Wednesday, 1 March 2017

EGT Instrumentation & Dyno Calibration

EGT Instrumentation

To try and close out the base fuel & spark calibration once & for all, a deadline of mid February was imposed by booking a track day at Mallory Park. That provided some additional incentive to get the bike on a dyno in January to do the base calibration.

First, a few small loose ends on the electronics side needed to be tidied up. One of these was to try and implement EGT measurement to provide a second metric to determine optimum fuelling and make sure exhaust port temperatures were under control.

Initially the plan was to simply read EGT values and display them on a screen live and then keep an eye on them while running the bike on the dyno.

However, there would be several advantages to being able to feed the data into the ECU so that it could be logged with all other engine parameters. Unfortunately, due to the limited I/O capacity of the Microsquirt ECU, the only way of getting four additional data streams into the ECU would be via CAN-Bus. That meant using a microcontroller to read the EGT data from thermocouple amplifiers, arrange the data into a CAN message in a format that the Microsquirt could read and load the message onto the bus. 

To prove the concept, an Arduino Uno and CAN Shield were used to get the data processing & CAN code working together properly. The Megasquirt CAN-Bus protocol was the most difficult part of the task as it is quite different from the standard 11-bit or 29-bit header protocol that I am familiar with.

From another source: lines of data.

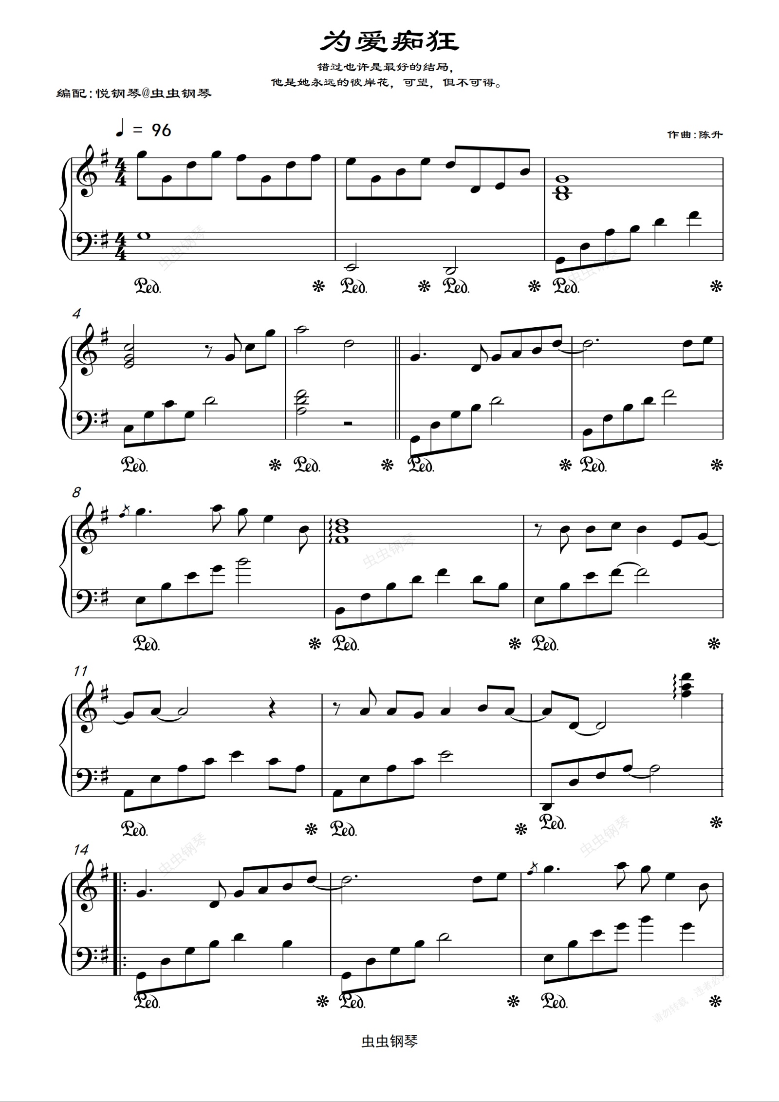 钢琴谱:为爱痴狂(G调版) 刘若英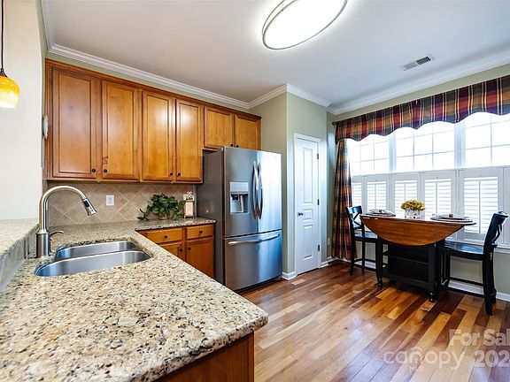 Immaculate and meticulously maintained by original owner, this Skybrook Townhome is Move-In ready. Pride of ownership is evident everywhere. Main level boasts HW Floors throughout the open floorplan. Kitchen features double oven, granite countertops, dual Pantry’s and multiple eating areas. Bathed in natural light, entertaining guests is a breeze in the Large Family Room and Dining area featuring a Gas Log Fireplace, a Dry Bar area and Walk-Out Deck. Upper Level offers generous Primary Suite w/Walk-in Closet, Tray Ceiling, and a Bath w/both Shower and Soaking Tub. 2 More BR/Office spaces share another full bath. Lower Level surprises with another large BR/Bonus Suite w/Full Bath and Walk-out Patio. Sought after schools and low Cabarrus Co Taxes. HOA includes water/sewer, trash, exterior maintenance and lawn/landscape. Perfect location, close to Shopping, Dining, Recreation and Healthcare. Just steps away from Golf, Walking Trails, and all the amenities of a Skybrook address.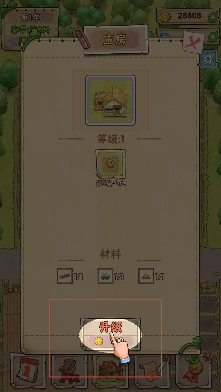 4、积累资源后还能对主房等建筑进行升级,点击升级按钮,消耗材料和金币,升级后能解锁更多农场内容。

Once the hardware and code combination was proven, a single PCB was designed and manufactured which used an Arduino Micro as the controller and contained the thermocouple amplifiers, CAN controller, CAN transceiver and other peripherals that were required to make the board work on the bike. The finished board is quite large due to being conservative about component spacing to allow hand soldering of components and only used one side of the board for component placement. For future PCBs, component spacing could be tightened up, a dual layer PCB and a microcontroller with inbuilt CAN controller could be used to significantly reduce the board footprint. 
A protective case for the completed board was 3D printed.

EGT CAN-Bus Module Board
Cased Board

On the instrumentation side, 1.5mm K-Type thermocouples were installed as close to the exhaust ports as possible using compression fittings without interfering with the fitment of the radiator or making exhaust fitment difficult. The small diameter probes would allow shorter temperature stabilisation but at the expense of thermocouple life. This was determined to be a reasonable compromise as the main purpose of the thermocouples was to monitor temperatures during dyno runs and short road tests only. As they would not be used for long term control, durability was not deemed critical.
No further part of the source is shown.